After that, I watched with consternation as my hard-earned personal goods flew off the shelf for a buck or two.
"Think we should charge more?" I ventured.
"You pau now. Bettah go," my friend said, dismissing me.
With a laundry list of errands the length of a longboard, I was not entirely heartbroken.
It was lunchtime but regardless I had to stop at the yet-to-be-explored Haiku Marketplace before heading to Kahului, suspecting they'd have some of the things on my list.
Inside True Value I stuck pay dirt. I only needed a watering can and storage boxes, but who’d have ever expected I’d find an antique Japanese screen ? For $1,500 an old grand piano would be mine, broken soundboard and all. As for that antique carved Thai carriage and driver, it wasn’t yet for sale. I asked to be notified when the restorations were finished. The owner, apparently, is both a collector and handy man.
Across the street at the second of Haiku’s main markets a familiar logo grabbed my attention. "Vasi’s Gourmet Foods and Deli." Could this be the very same Vasi who makes that indescribably delicious Mango-Curry Dip my family is crazy for? Or the blueberry muffins and banana bread so good it rouses die-hard sleepy heads up early for breakfast?

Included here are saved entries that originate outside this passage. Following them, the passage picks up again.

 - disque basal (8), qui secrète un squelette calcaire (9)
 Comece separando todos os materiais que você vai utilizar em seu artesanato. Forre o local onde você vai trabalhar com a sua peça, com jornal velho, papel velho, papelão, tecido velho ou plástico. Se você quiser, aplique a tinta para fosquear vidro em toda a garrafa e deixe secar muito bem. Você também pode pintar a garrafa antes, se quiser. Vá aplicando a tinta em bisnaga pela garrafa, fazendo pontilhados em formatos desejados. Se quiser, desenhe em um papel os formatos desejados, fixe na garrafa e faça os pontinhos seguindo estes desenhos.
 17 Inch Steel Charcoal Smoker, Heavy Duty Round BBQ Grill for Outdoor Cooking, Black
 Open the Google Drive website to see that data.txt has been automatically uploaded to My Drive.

I peered through the side window to see a woman hard at work at monstrous mixers. The little storefront adjacent to the workshop would reveal the truth. Indeed, this Vasi churns out some of the island’s best treats and confections in a cardboard hideaway in Haiku. They were open for lunch.

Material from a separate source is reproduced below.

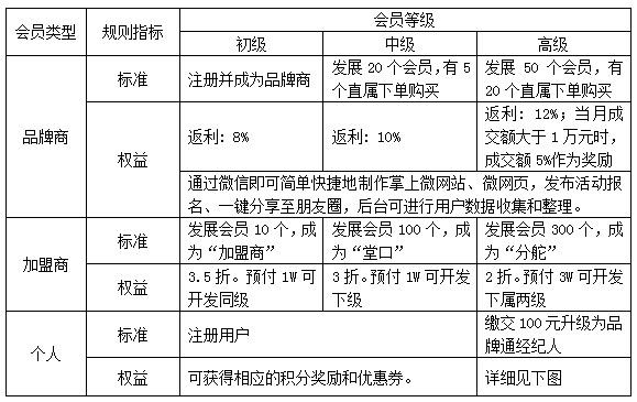 品牌通六贵福利商城会员分为三种类型:品牌商会员;加盟商会员;个人会员。每种会员的用户等级均分为:初级、中级、高级三种。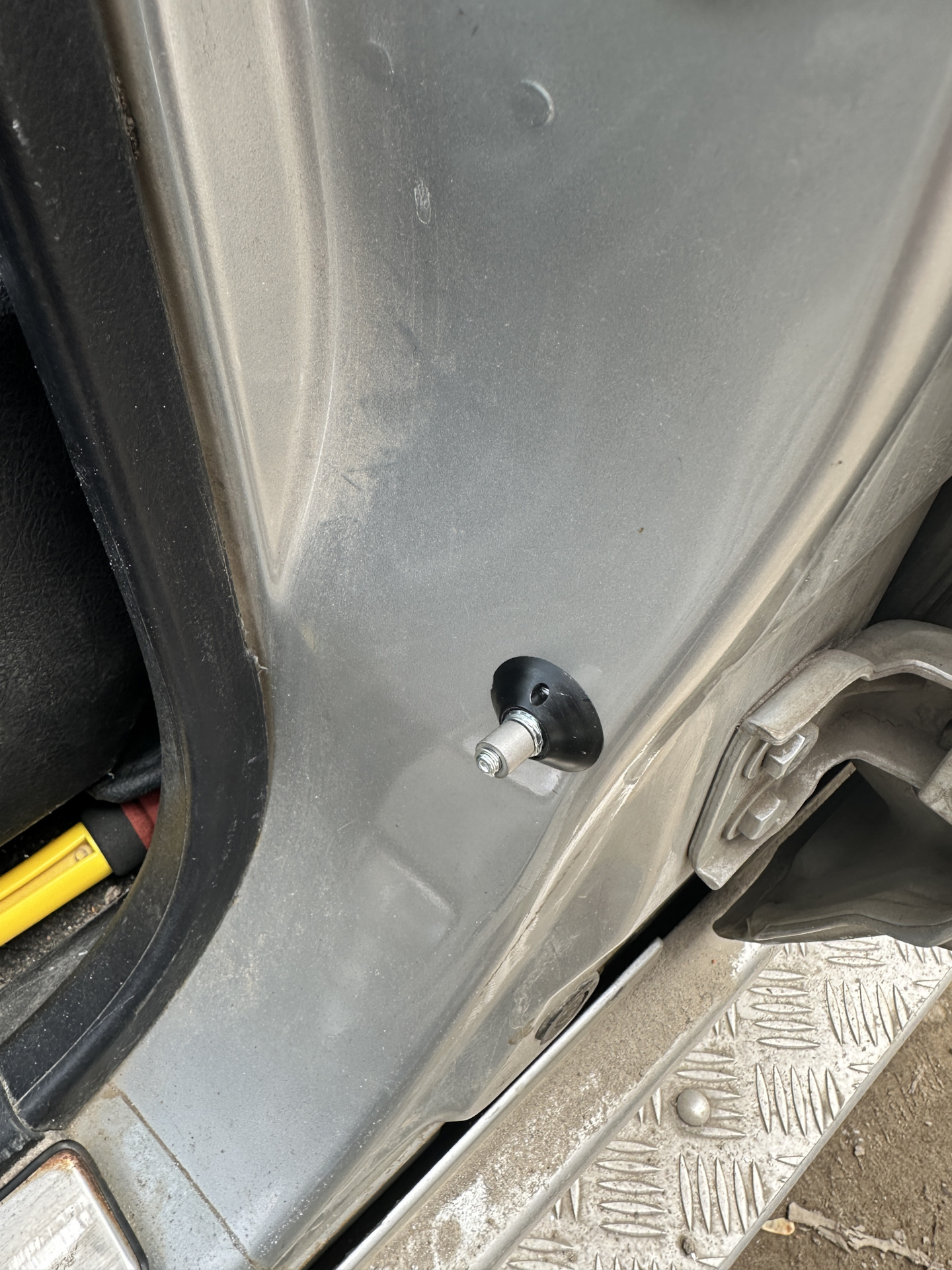 Затем в стойку ставим ответную часть с помощью резьбовой заклёпки из комплекта.

It didn’t take long to decide on the authentic Spanikopita and Greek Salad with a few Dolmas tossed in for good measure. While I waited for the cook to warm my lunch, I chatted with the counter girl.

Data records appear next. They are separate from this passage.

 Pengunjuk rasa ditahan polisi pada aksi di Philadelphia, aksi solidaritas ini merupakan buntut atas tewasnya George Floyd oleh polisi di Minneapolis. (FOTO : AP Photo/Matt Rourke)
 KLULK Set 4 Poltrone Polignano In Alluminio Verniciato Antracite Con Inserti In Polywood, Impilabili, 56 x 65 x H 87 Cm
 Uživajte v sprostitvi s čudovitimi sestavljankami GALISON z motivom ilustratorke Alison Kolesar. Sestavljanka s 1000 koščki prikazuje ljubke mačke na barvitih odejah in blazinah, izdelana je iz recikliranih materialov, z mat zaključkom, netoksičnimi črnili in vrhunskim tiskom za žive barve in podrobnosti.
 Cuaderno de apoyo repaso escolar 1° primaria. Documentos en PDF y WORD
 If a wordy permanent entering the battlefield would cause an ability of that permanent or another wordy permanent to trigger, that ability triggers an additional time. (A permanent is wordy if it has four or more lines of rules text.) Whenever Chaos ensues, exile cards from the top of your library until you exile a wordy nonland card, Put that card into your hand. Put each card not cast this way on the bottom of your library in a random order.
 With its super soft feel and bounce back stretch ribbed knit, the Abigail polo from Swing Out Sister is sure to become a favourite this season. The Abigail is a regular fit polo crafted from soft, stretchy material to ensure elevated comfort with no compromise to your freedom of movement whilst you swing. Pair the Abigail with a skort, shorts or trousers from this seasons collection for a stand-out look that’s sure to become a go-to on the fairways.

"It’s a little warm out there today," I offered, fanning myself slightly.
"Ha! A little?! I’m from the east coast and it’s darned hot. I’m not used to this. I mean, I’ve been here three weeks and the trades have barely blown once. Hard enough to sleep on a farm with all that blasted quiet -- except for those animals making their odd noises, then there‘s the wind and the heat. I mean, I’m used to city noises, but this! I had no idea it would take so long to get used to the quiet!"
"Yeah, people don’t believe you when you tell them what’s it like living here. Too hard to explain…"
"I send emails home and they think I’ve gone crazy, think I’m making this stuff up," she chuckled.
"Think you’ll stay?" I asked.
"Absolutely!" she grinned handing me the best Spanikopita this side of Athens.
Down the road, I turned off at Ho`okipa, unable to resist the enticement of snapping some photos. The colors of the sea and sky were phenomenal. The sight of pineapple fields dropping into the Pacific ocean was breathtaking. I stepped out of my truck and heard a strangely familiar sound.
"Mooo-ooo," came a basso profundo baw unlike any dairy cows I‘d heard. A bull quickened his pace behind a wire fence across from where I was standing and headed expectantly toward a cow and her calves.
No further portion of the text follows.